BEIJING, March 30 (Reuters) - China's largest oil and gas producer, PetroChina, on Thursday reported a drop of 78 percent in 2016 annual net profit, to its lowest since at least 2011, as it was hit by lower prices for crude oil and natural gas.
The shrinking profits posted by China's state oil and gas producers for last year have highlighted their growing challenges from falling output at aging wells and excess supply in domestic fuel oil markets.

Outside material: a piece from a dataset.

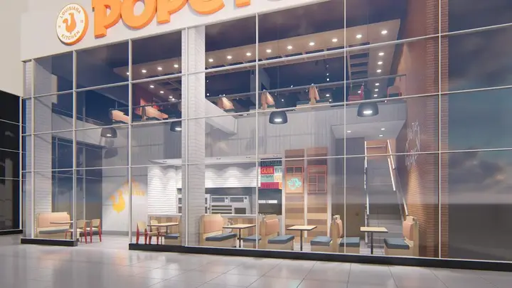 Diseño de fachada e interiores que maximiza el atractivo comercial en plaza, capturando la atención mediante una comunicación visual coherente.
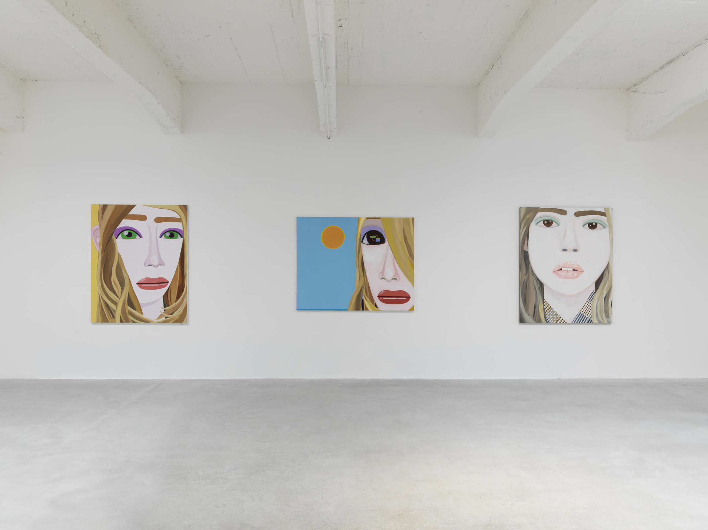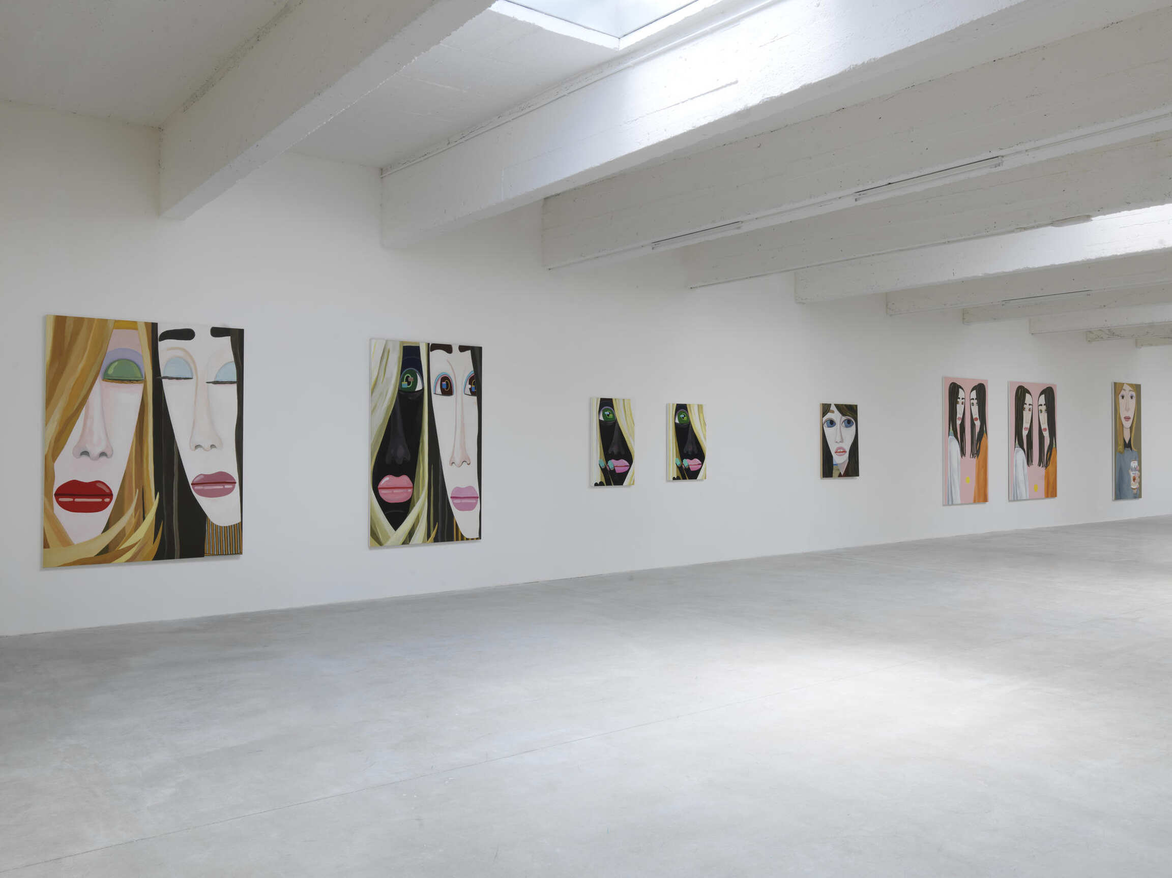 At a moment when social-media fatigue may be finally tempering the ebullient narcissism of practically a decade of “status updates,” Brian Calvin’s new works crystallize the inevitable malaise of an acutely self-aware population. His clever and luminous paintings—rendered in the Day-Glo colours of overexposed photographs—depict hyperexposed pretty young things casually mugging for an unseen observer, their faces flattened (visually and figuratively) with the stylized ennui of Modigliani’s oblong portraits. In some works, he zeroes in even further: the same pair of sensually parted glossed lips reappear. Brain Calvin often tightens the frame to reveal gap teeth and a dormant tongue.

PetroChina's net profit sank to 7.86 billion yuan ($1.14 billion) from 35.7 billion yuan in 2015, while revenue fell 6.3 percent to 1.62 trillion yuan ($235 billion), based on IFRS accounting standards.
PetroChina's crude oil production fell 5.3 percent to 920.7 million barrels in 2016 - still the highest among global oil producers including BP and Shell - but marking the lowest for PetroChina since 2012, according to Reuters data. The state company's crude oil output peaked in 2015 at 972 million barrels.
PetroChina's total oil and gas output for the year was 1.47 billion barrels of oil equivalent, down 1.8 percent from 2015.
PetroChina had 7.44 billion barrels of proven crude oil reserves, down 12.7 percent from 2015, it said.
In its annual report, the company said domestic gasoline demand was lower than expected, while diesel consumption fell.
"The situation of excessive supply in domestic refined products became severe" last year, it said.
"The quantity of imported and processed crude oil, operating capacity, and market shares of local refineries (all) increased significantly, leading to fiercer market competition."
PetroChina's smaller upstream competitor CNOOC - a specialist in offshore operations - earlier reported its worst result since 2011, but forecast its output to rise this year.
Profits at Sinopec - Asia's largest refiner - rose 44 percent from a year earlier on the back of strong performances in refining and chemicals.
Sinopec's oil and gas production in 2016, however, fell 8.6 percent to 431.29 million barrels of oil equivalent versus 471.91 million a year earlier.